One key aspect to this technology is the ability to control all of the servers from a central console. No IT personnel are required at the server, allowing for "lights out" DR and business continuity at remote sites. Some vendors (such as Constant Data Inc. and Fujitsu Softek) even include continuous replication functionality. Again, allowing continuous replication of only the data that changes reduces the amount of disk and tape storage required.

Server-to-server storage volume replication products include Constant Data Constant Replicator, EMC/Legato Replicator, NSI DoubleTake, Softek Replicator and Veritas Volume Replicator; and still others are emerging. Vendor operating system support varies, but most support Windows and Linux.

Server-to-server storage volume replication is a simple, low cost and effective DR and business continuity solution. It works with direct-attached storage (DAS), network-attached storage (NAS) and SAN storage, regardless of the vendor.

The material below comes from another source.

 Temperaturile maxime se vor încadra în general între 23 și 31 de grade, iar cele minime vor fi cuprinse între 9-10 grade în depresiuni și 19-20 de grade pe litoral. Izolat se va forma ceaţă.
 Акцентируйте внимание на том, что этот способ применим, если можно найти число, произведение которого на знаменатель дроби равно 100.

It scales from the small to medium business to the enterprise customer. And it allows replication from high-cost storage to low-cost storage.

There are two downsides to this solution: The more servers and applications requiring data protection, the greater the license fees; and the dismal throughput over long-haul TCP/IP networks caused by congestion, bit error rates (BERs), jitter and latency. The first can be handled through vendor negotiation. The second is a more difficult issue and may require the implementation of TCP WAN accelerators.

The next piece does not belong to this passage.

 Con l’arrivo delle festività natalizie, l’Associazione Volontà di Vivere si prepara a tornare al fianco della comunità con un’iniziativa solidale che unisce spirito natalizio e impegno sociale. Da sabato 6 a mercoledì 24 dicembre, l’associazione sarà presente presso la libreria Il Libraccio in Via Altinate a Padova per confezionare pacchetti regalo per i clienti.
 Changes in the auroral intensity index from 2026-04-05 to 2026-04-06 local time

TCIP/WAN accelerators: Congestion, BERs, jitter and TCP/IP latency all cause throughput degradation in a TCP/IP network. Add longer distance, and you've got degradation that can be so extreme that a typical throughput of a DS3 (rated at 45Mb/s) is approximately 5Mb/s or 625Kb/s. This means that a tiny 30GB replication or backup can't be completed within an eight-hour window--it would take at least 13 hours and 20 minutes to complete. Even if the bandwidth is increased to OC3 (155Mb/s) or more than three times a DS3, the window still can't be met. The throughput doesn't increase anywhere near the same percentage as the bandwidth. Depending once again on the congestion, BER, jitter, latency and distance, it may barely increase at all. The historical throughput increase can be expected to be less than 50%. Even with this increase, the eight-hour window is still missed.

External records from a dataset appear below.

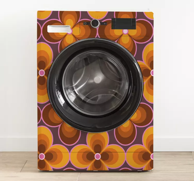 Esittelyssä Dinosaurus tarra retro kukkakuviolla, joka tuo kodinkoneesi eloon! Tämä graafisesti rohkea muotoilu yhdistää eloisia värejä ja geometrisia kukkia, luoden psykedeelisen tyylin joka vangitsee katseen. Abstrakteja kuvioita ja groovy elementtejä antavat tälle tarralle erityisen ilmeen, joka tuo iloa ja väriä keittiöön tai muuhun sisustukseen.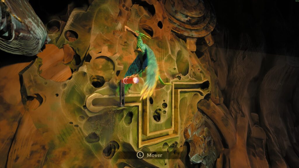 O pássaro é essencial em alguns puzzles ambientais, seja fazendo peso em plataformas, acionando manivelas ou interagindo com mecanismos que exigem movimentação sincronizada entre o jogador e o aliado. Essas seções ajudam a dar um respiro à exploração, mesmo que as soluções sejam sempre bastante óbvias.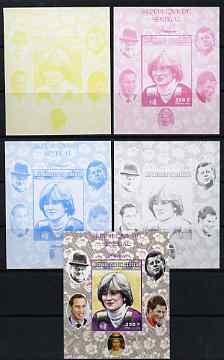 Senegal 1998 Princess Diana 250f imperf m/sheet #10 the set of 5 progressive proofs comprising the 4 individual colours plus all 4-colour composite, unmounted mint
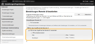 Wenn Sie dieses Kontrollkästchen aktivieren, müssen Sie eine PIN für den Zugriff auf Remote UI eingeben.

TCP/IP WAN accelerators for replication

TCP/IP WAN accelerators used for replication boost performance by three to 400 times the normal network speeds by shielding against bit error rates, jitter and TCP latency.

A number of vendors have enthusiastically attacked this problem and are now delivering cost-effective products. Each vendor's technology is innovative and varied. Technologies employed include packet-reordering, performance-enhancing proxies, compression, QoS and sophisticated flow control. The net results are impressive, with performance throughput increases between three and 400 times the normal network speeds. (See TCP/IP WAN accelerations for replication".)

The way TCP/IP accelerators work for DR and business continuity is simple, and requires nominal skills. First, an appliance is placed as a gateway or proxy on the LAN with the replication sender. Then another appliance is placed on the LAN at the location of the replication catcher. The appliances intercept and transmit all packets between the sender and catcher.

The products can be divided into two categories: those that work up to and above DS3 bandwidth (up to OC3, OC12, etc.) and those that only work up to DS3. Vendors in the "up to or greater than DS3" category include NetEx Software's HyperIP and Orbital Data's IP Express. Vendors in the DS3 and below category include Expand Network's IP Accelerator, ITWorx's NetCelera, Peribit's Sequence Reducers and Riverbed's Steelhead.

The one disadvantage to these solutions is the potential cost of putting appliances at a large number of remote sites. However, the savings in bandwidth costs and increased ability to hit DR and business continuity windows usually offsets the additional appliance and software license costs.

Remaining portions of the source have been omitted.